Autonomous Vehicle Architecture

carla-system An autonomous vehicle functional architecture that can perceive the environment using noisy sensors, make plans and replans under uncertainty, actuating a host of electronics to execute the plan while handing over to a human driver when it faces a situation it cannot handle. This architecture exemplifies the rational agent design applied to autonomous driving, integrating the key components we discussed:

Sensing

  • Camera: Visual input for image-based perception (lanes, signs, lights, objects).
  • Radar: Detects objects and measures their speed/distance (good in poor visibility).
  • LIDAR: Laser-based sensor for 3D mapping and object detection.
  • GPS: Provides global position.
  • Others: Can include ultrasonic sensors, IMUs, etc.

Perception

  • Detection & Classification: For a plethora of objects such as traffic lights, signs, pedestrians, vehicles etc.
  • Tracking: Resolve occlusions and track objects over time.
  • Free Space Detection: Detects drivable area.
  • Localization: Determines the car’s precise position in the environment, using cameras, lidar and in general sensor fusion.
These perception modules maintain the agent’s belief state about the environment, handling partial observability through sensor fusion and probabilistic estimation.

Planning

  • Global Planning: High-level route to the destination.
  • Prediction: Predicts the future actions of other objects (cars, pedestrians).
  • Behavior Planning: Decides what the vehicle should do next (stop, yield, change lane, etc.) based on predictions and goals.
  • Trajectory Planning: Computes a detailed path (trajectory) for the car to follow safely and smoothly.
The planning subsystem embodies the agent’s world model, reasoning about state transitions and predicting environment dynamics to make optimal decisions.

Control

  • PID (Proportional-Integral-Derivative) and MPC (Model Predictive Control): Algorithms to control the vehicle’s steering, throttle, and braking.
All these subsystems are tightly integrated and work together to ensure the robot can navigate safely and efficiently in complex environments.
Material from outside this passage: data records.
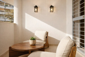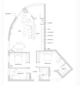 La distribución interior incluye un amplio y luminoso salón con acceso directo a una acogedora terraza privada de 7 m² con vistas abiertas.La cocina de diseño, totalmente equipada y con lavandería integrada, ofrece un espacio práctico y elegante, conectado con la terraza y abierto al salón mediante una amplia península.
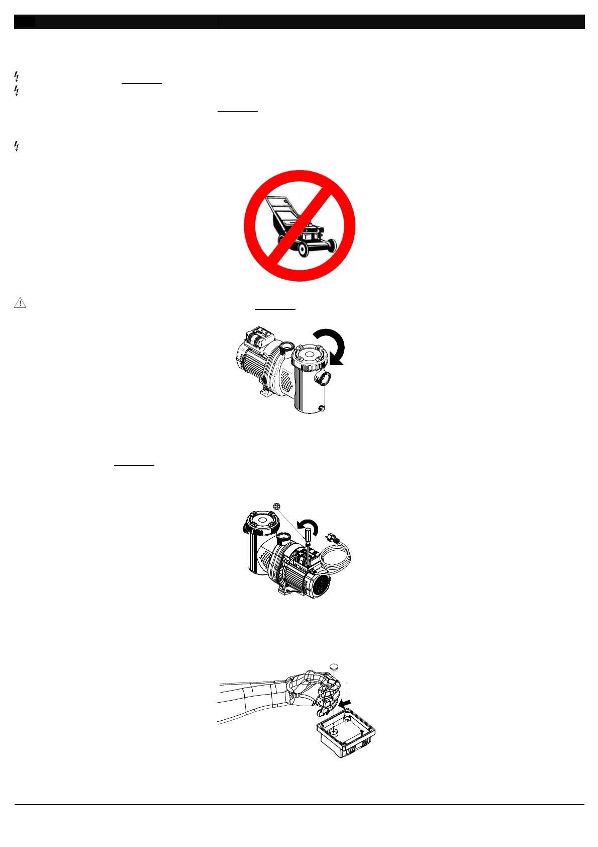 (stopcontact, minstens 3,5 [m] van de rand buiten het zwembad). Het is absoluut verboden de
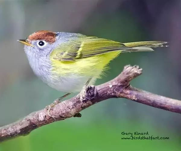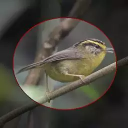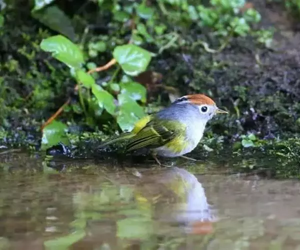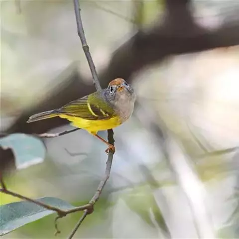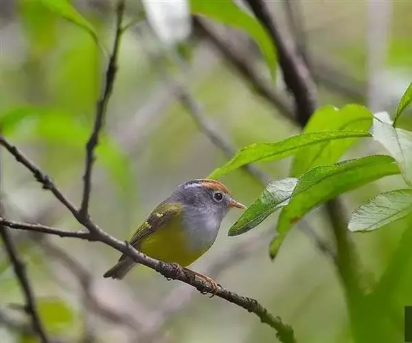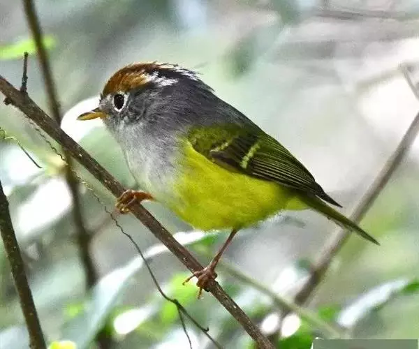 全长75-100毫米。前额、头顶至后枕棕栗色,侧冠纹前部较狭呈灰黑色,向后逐渐变粗呈黑色,枕侧杂白色斑纹;眼先灰白,眼圈白色;颊和耳羽灰,杂灰黑色细纹;上背和肩灰色,下背橄榄绿,腰和尾上覆羽鲜黄;翅上覆羽、飞羽和尾羽黑褐,外缘橄榄绿色,大中覆羽具淡黄色端斑,形成两道翼斑。颏、喉和胸灰色,中央较淡呈灰白色,延伸至上腹部中央,上腹部两侧和下腹部、胁部、翅下覆羽、腋羽及尾下覆羽亮黄绿色;最外侧两对尾羽内翈纯白色。
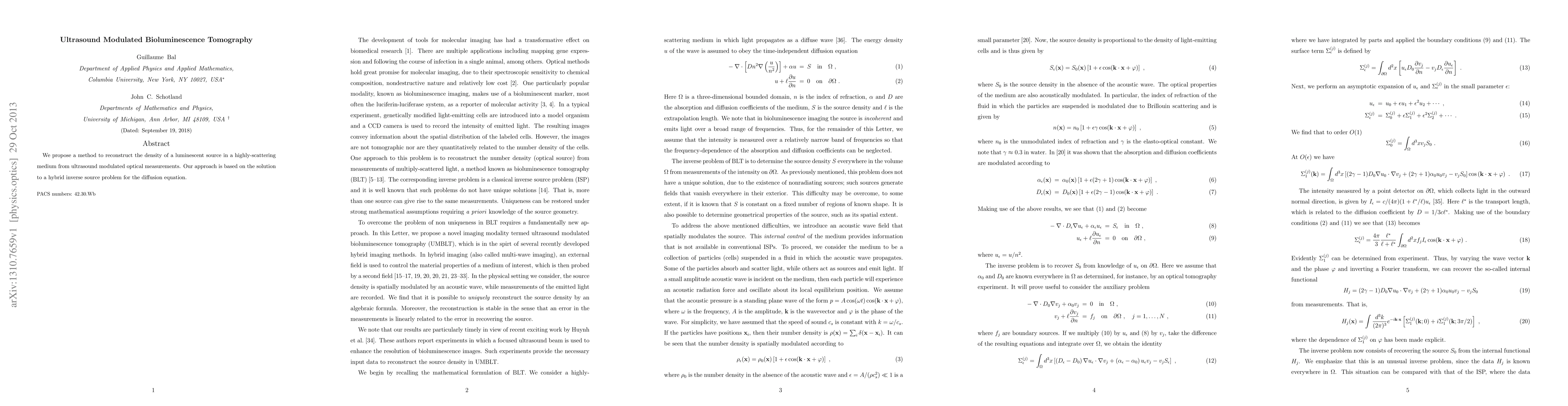 Summary: This paper introduces a novel method to reconstruct the density of luminescent sources within a highly scattering medium using ultrasound-modulated optical measurements, leveraging a solution to a hybrid inverse source problem for the diffusion equation.
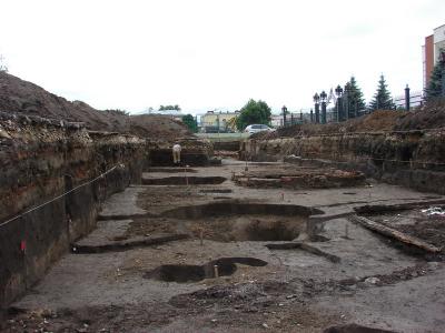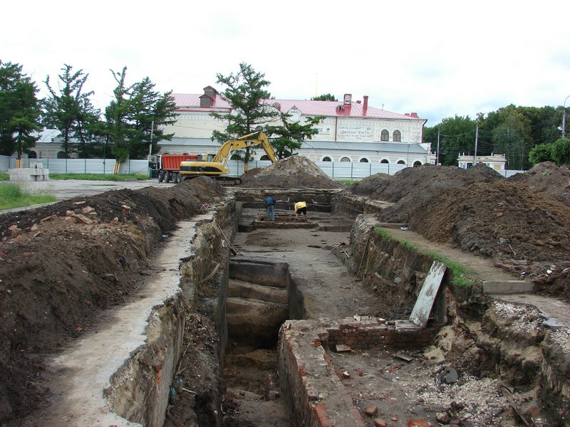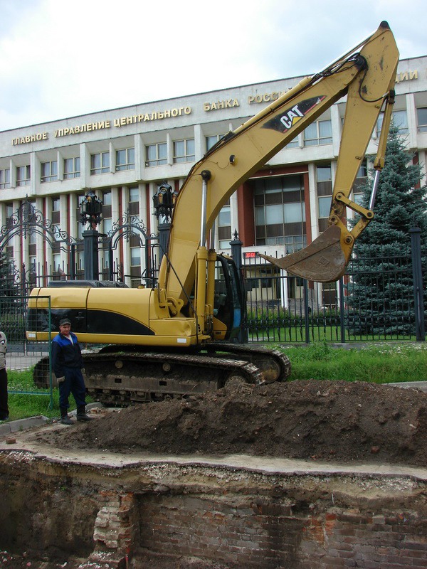 На Соборной улице, перед Главным управлением Центробанка России, заканчиваются археологические раскопки. Уже на следующей неделе учёные покинут раскопы, и техника начнёт рыть котлован для строительства нового здания.
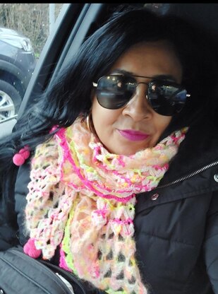 Dance around to the sounds of the ’80s with this neon-edged shawl!

This integration demonstrates how the theoretical agent architectures we studied translate into practical robotics systems.

From Traditional to Modern AI Agents

In this course we will start with the basics of these subsystems but we will gradually infuse ideas from recent advances in large language models, vision-language models, and reinforcement learning to dramatically transform the capabilities of robotic systems. The ROSA demo above showcases how natural language understanding enables more intuitive human-robot interaction, while the autonomous vehicle architecture illustrates the sophisticated reasoning and planning required for real-world deployment. Key references: (Schmidhuber, 2015; Mirowski et al., 2016; Li et al., 2015)

References

  • Li, X., Li, L., Gao, J., He, X., Chen, J., et al. (2015). Recurrent Reinforcement Learning: A Hybrid Approach.
  • Mirowski, P., Pascanu, R., Viola, F., Soyer, H., Ballard, A., et al. (2016). Learning to Navigate in Complex Environments.
  • Schmidhuber, J. (2015). On Learning to Think: Algorithmic Information Theory for Novel Combinations of Reinforcement Learning Controllers and Recurrent Neural World Models.